From a systemic regulatory standpoint, the Madoff Ponzi scheme remains of limited significance, especially compared to the latest exposed fraud case, at the large Indian software company, Satyam Computers Services Ltd., whose shares trade on the New York Stock Exchange (in the form of American Depository Receipts, or ADRs). Its CEO released a letter yesterday disclosing an elaborate, and apparently simple, billion-dollar fraud that went undetected by the firm’s outside auditors, an India affiliate of PriceWaterhouseCoopers (PWC).
The Satyam fraud presents serious questions about systemic regulatory efficacy, particularly concerning auditing and audit firm oversight. True, it may seem outlandish that Madoff was able to use a rinky-dink auditing firm to review the books of a fund commanding billions of dollars in assets and it may be that even such small auditing firms of even private funds require as much regulatory supervision as larger auditing firms auditing public enterprises.
But the Satyam scandal presents a far more serious problem. Unlike Madoff, the company has shares listed in the United States. Also unlike Madoff, it was audited by a foreign affiliate of a large US auditing firm, PWC, whose operations apparently were outside the scope of review undertaken by the US auditing profession’s regulatory overseer, the Public Company Accounting Oversight Board (PCAOB).
Pending additional information from the newly-revealed fraud, of course, a couple of preliminary issues may prove to be lessons of the Satyam fraud. First, if foreign companies list securities in the United States, their financial statements need to be audited by a firm whose activities are subject to regulatory oversight in the United States.
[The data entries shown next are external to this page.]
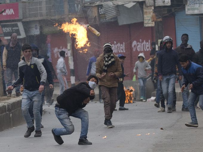02 يناير 2016 – كشمير الهندية، مسلمون من كشمير يُلقون الحجارة والقنابل الحارقة على الشرطة الهندية خلال احتجاج في سريناجار.
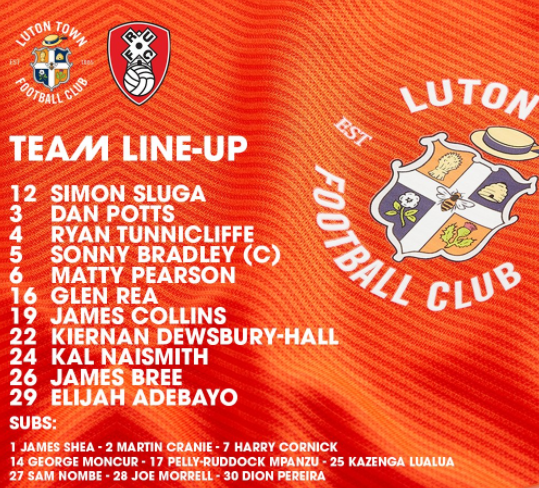 - Luton Town (4-2-3-1): Sluga; Naismith, Bradley, Pearson, James Bree; Ruddock, Tunnicliffe; LuaLua, Dewsbury-Hall, Jordan Clark; Adebayo.
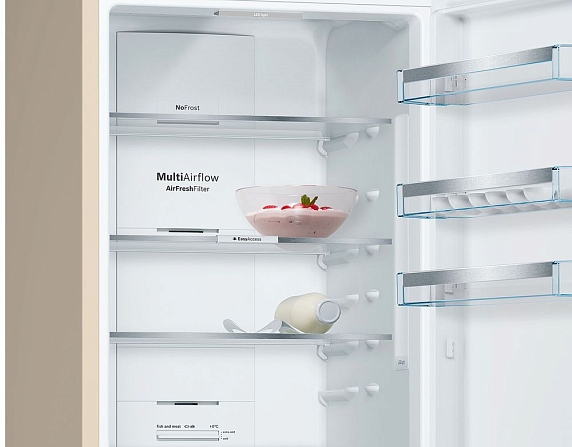 Фильтр Airfresh, предусмотренный в приборе, встроен в систему вентиляции и препятствует смешиванию запахов, чтобы продукты сохраняли свой естественный вкус и аромат. Благодаря технологии MultiAirflow колебания температуры в холодильном отделении минимальны, что, например, помогает сохранить свежесть готовых блюд. Удобное управление позволяет быстро настроить параметры работы устройства.
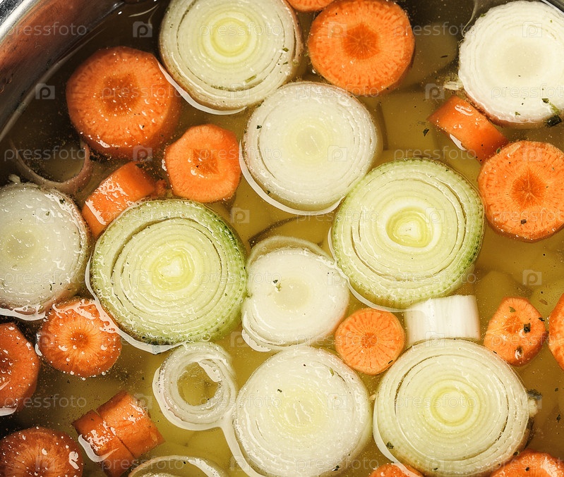 Кольца лука и ломтики моркови в кастрюле
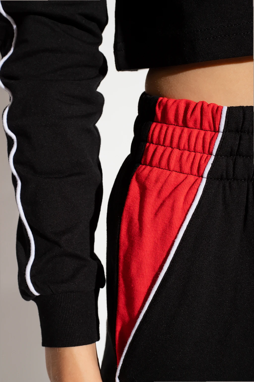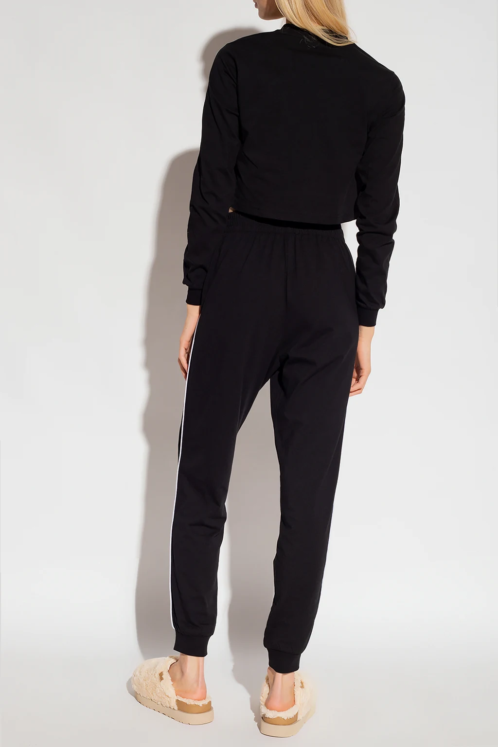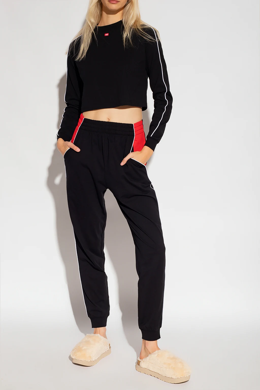 Czarna, dwuczęściowa piżama, model ‘UFSET-SLIMMY-TOOL’ Diesel. Wykonana częściowo z bawełny. Krótki top z czerwoną naszywką z logo na przodzie, okrągłym dekoltem i długimi rękawami zakończonymi ściągaczem z białymi paskami na ramionach. Długie spodnie z wszytą w pasie gumą, czerwonymi wstawkami po bokach i dwiema kieszeniami. Długie nogawki z naszytymi paskami w kolorze białym, zakończone ściągaczem.
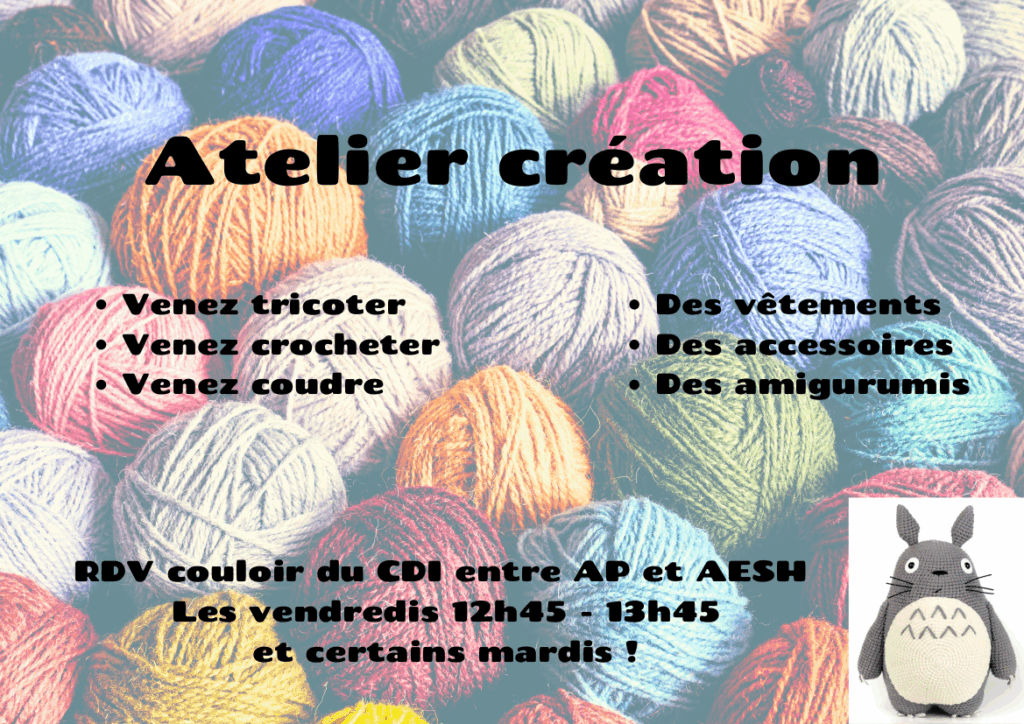 Un club de couture, tricot, crochet ouvre ses portes à côté du CDI. Ouvert à toutes et à tous, il propose une initiation avec de petits projets, ou un accompagnement pour les créateurs confirmés.
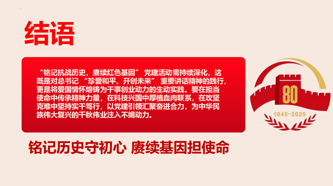 最后,柳培虎书记强调:我们以“铭记抗战历史,赓续红色基因”为主题,参观了中国人民抗日战争纪念馆、观看了《南京照相馆》、集中观看阅兵,今天又专题讲授党课,旨在传承抗战精神,珍爱和平,开创未来。希望每名同志通过一系列的主题党日活动,把爱国情怀转化为干事创业的动力,在担当使命中传承精神力量,在科技兴国中强化血肉联系,在攻坚克难中做到实干笃行,为中华民族复兴大业贡献力量。
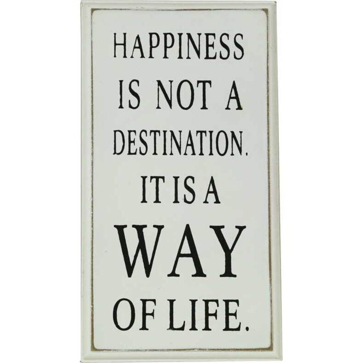 A lovely little sentence that packs in so much meaning is the focus of this sign board that could be sued as much in our homes as in offices and schools or nay such place that could do with a positive uplifting idea. The sign board is made with MDF and is 24 cm long and 14 cm in width and could be propped up on any flat surface with ease. The off white back drop on which the very pleasant black coloured letters are etched makes it profound in its simplistic and so very apt for all places. What interiors lack is this one thing - the energy that drives people to remain happy whatever the circumstances. Present this plaque to someone at housewarming, or to someone who is setting up a new business or has just changed jobs. There can be nothing better than something as uplifting as this plaque that can help cheer up any kind of space. You will also love the rubbed paint effect round the edges that makes it look worked in and shabby.
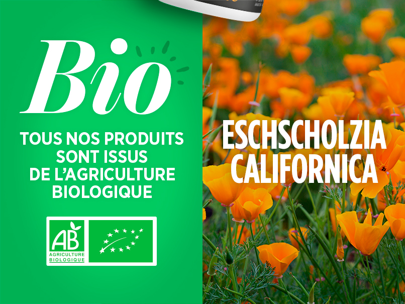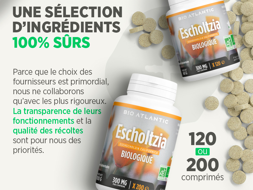 C'est donc la partie aérienne de la plante qui est utilisée pour la réalisation de notre complément alimentaire bio. Fleurs et feuilles ont été récoltées pendant la floraison. Pour une complémentation en escholtzia, il est préférable de prendre les comprimés au soir, dans un dosage entre 800 et 1200 mg. Cette complémentation peut se prendre de façon plutôt occasionnelle, ou lors d'une supplémentation jusqu'à 3 semaines, selon les besoins.
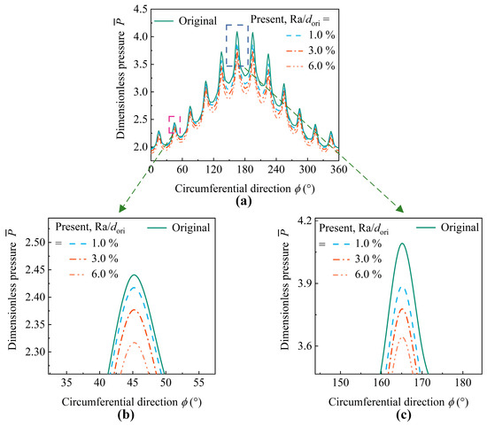 Effects of micro-orifice relative roughness: (a) pressure distribution in the circumferential direction; (b,c) enlarged view of the marked region in (a).
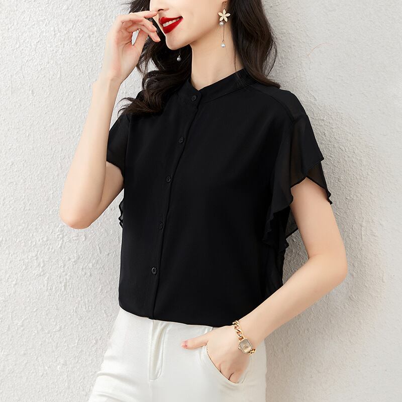 ★大人気★ 韓国風 ラウンドネックフリルスリー ブブラウス
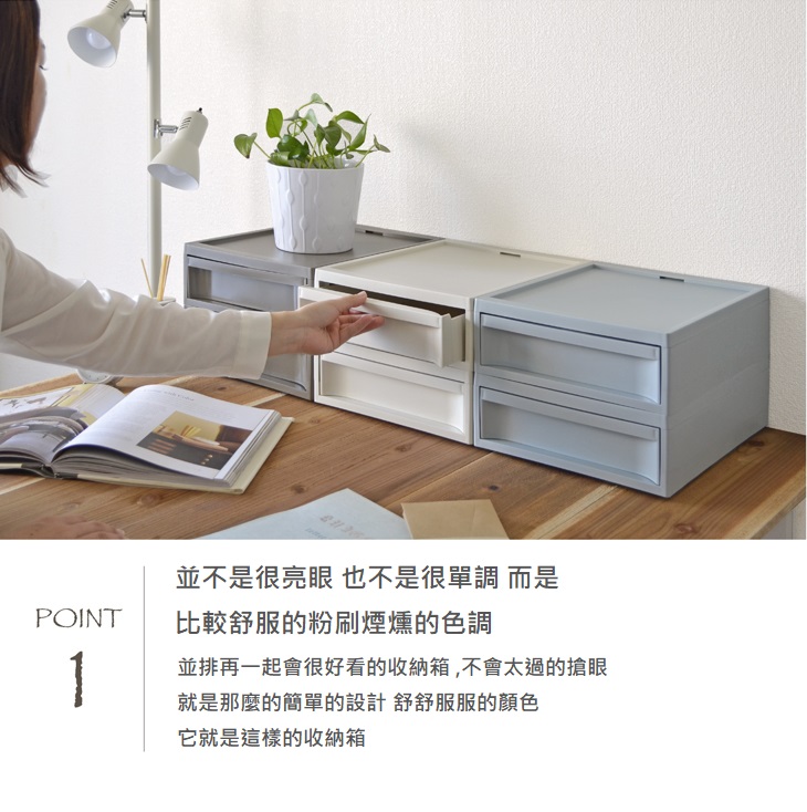 磨砂抽屜式桌面收納系列 07 桌面收納 兩層套裝 磨砂透明白 2層
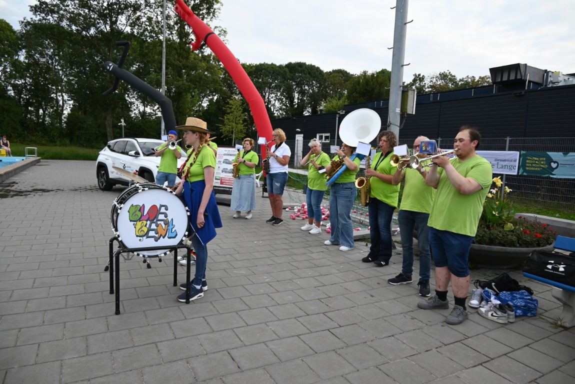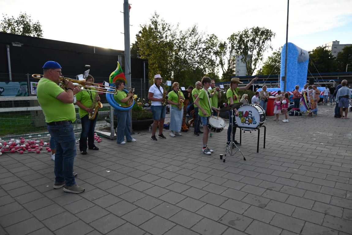 Tijdens de Leidse Zwemvierdaagse zijn er elke avond optredens. Woensdagavond trad DJ Montalto op, donderdag blaaskapel de Bloebent en vanavond wordt de muziek op de afsluitende avond verzorgd door blaaskapel Leidse Gabbers.

Second, the fraud implicates the Securities and Exchange Commission’s recent enthusiasm for the concept of mutual recognition. This refers to a policy allowing foreign firms, especially brokers but potentially also companies and auditors, to access US securities markets without regulatory oversight here, so long as they are subject to comparable regulatory oversight at home. (I have questioned this policy before.)
Third, there is some possibility that audit failures by foreign affiliates of US auditing firms could expose the US firm to crushing legal liability. This could lead to the dissolution of one of the four remaining large US auditing firms (see my post here). Should that occur, with only three such firms standing, the country would face an additional blow to its system of corporate finance, with attendant adversity for the real economy and citizens.